Никогда прежде у меня не случалось подобной ночи! Я был пьян и не владел собой, потому страсти, обычно жестоко сдерживаемые, вырвались из плена. Милет оказался божественно бесстыден и горяч, как молодой конь. Я ненавидел всех, кто прежде любил моего Милета, и с наслаждением пожинал плоды их уроков, преподанных страстному сыну Аполлона.

Юноша оставил мое ложе лишь на рассвете. Помнится, я, приложив к его груди массивное золотое ожерелье, прошептал:

– Будет чем скрыть следы моих зубов.

И снова припал губами к его шее, укусил нежную кожу, слизнул соленую кровь. Он ничуть не испугался боли, только лениво улыбнулся:

– Ты не думаешь, что льняной панцирь больше подойдет, чтобы прятать следы твоих ласк?

И погладил свой ладный, атлетический торс, без особого смущения оглядывая черные кровоподтеки и ссадины на гладкой, золотисто-смуглой коже.

– Панцирь? – не понял я.

– Я вчера обещал одному бешеному царевичу идти с ним. Разве он не отправляется на войну?

Вот уж чего я не ждал от Милета. Восхищенный его словами, я склонил перед ним голову.

Инпу поскреб задней лапой за ухом. Насколько я знал, у него это означает сомнение.

– Я был искренен, – пробормотал я.

– Знаю. Но искренность – не всегда правда, Минос, – вздохнул шакал. – Ладно. Так что мешает Миносу просто наслаждаться ласками этого замечательного своей красотой и сладостным искусством юноши? Чем отличен он от Дивуносойо, сына Персефоны, и Нергал-иддина?

– Не знаю, – пробормотал я. – Но мы – чужие.

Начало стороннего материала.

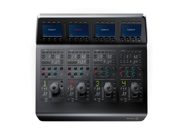 Blackmagic ATEM Camera Control Panel er en kompakt fjernkontroll for kameraet som er designet for å kontrollere opptil fire forskjellige URSA Broadcast, URSA Mini, Blackmagic Studio eller Blackmagic Micro Studio kameraer.
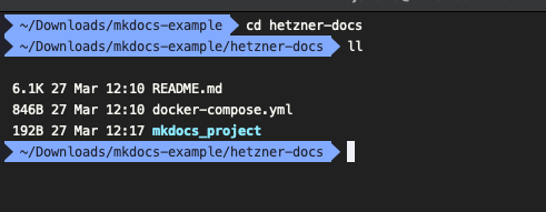 - Open your terminal and navigate to recently unpacked hetzner-docs path:

Передернул плечами. Осознать это мне было неприятно.

– Ты ещё не утомился? – заботливо осведомился божественный шакал. – Что-то ты помрачнел.

– Воспоминания, разбуженные тобой, болезненны. Но как пчела собирает мёд с цветов, так и я тороплюсь прикоснуться к твоей мудрости. Не утомлен ли ты болтовнёй смертного, мой божественный собеседник?

Инпу покачал головой:

– Утомляет скука. Ты не похож на египтянина, и потому взвешивать твое сердце – интересно.

– Чем же я отличен от жителей Та-Кемет? – удивился я.

– Ну, хотя бы тем, что начал разговор со своим сердцем с вопроса, кого оно любит. И пока ни разу не упомянул женщину!

Дексифея. (Кносс. За девять лет до воцарения Миноса, сына Зевса. Созвездие Стрельца)

Я рассмеялся, смущенно прикрыв лицо ладонями.

– Женщины вообще недолго задерживаются подле меня. Ну, если это не союз ради власти, как с Парией или Пасифаей.

– Ты сошелся бы с ними ради царства, будь они отвратительны, как Таурт и Эмпуса? – ехидно заметил Инпу.

– Ну, по счастью они обе молоды и красивы, – я пожал плечами. – Нет, конечно, я привязан к Парии. Но иначе, чем к Дивуносойо или Итти-Нергалу. И я почти уверен, что не женился бы на Пасифае, не стань она Верховной жрицей Бритомартис.

– Почему?

– Я могу её уважать, почитать, считаться с ней. Но любить? – меня передернуло, будто я коснулся змеи. Инпу многозначительно улыбнулся и опять поскреб за ухом.

– Зло, что я причинил ей, стоит между нами!

– Пасифая смотрит на случившееся иначе, – заметил Инпу.

– О, знаток душ! Ты желаешь услышать от меня это признание? Я подчиняюсь! – горько воскликнул я. – Причина во мне, а не в ней! Она напоминает мне о моей низости!

Инпу многозначительно промолчал. Я рассеянно опустил пальцы в воду. Отражения звезд заколыхались на черной глади. Некоторое время я смотрел на колыхание воды, потом произнес едва слышно:

– Дексифея, пожалуй, единственная женщина, которая остается моей подругой уже добрую дюжину лет. И с которой мне хорошо.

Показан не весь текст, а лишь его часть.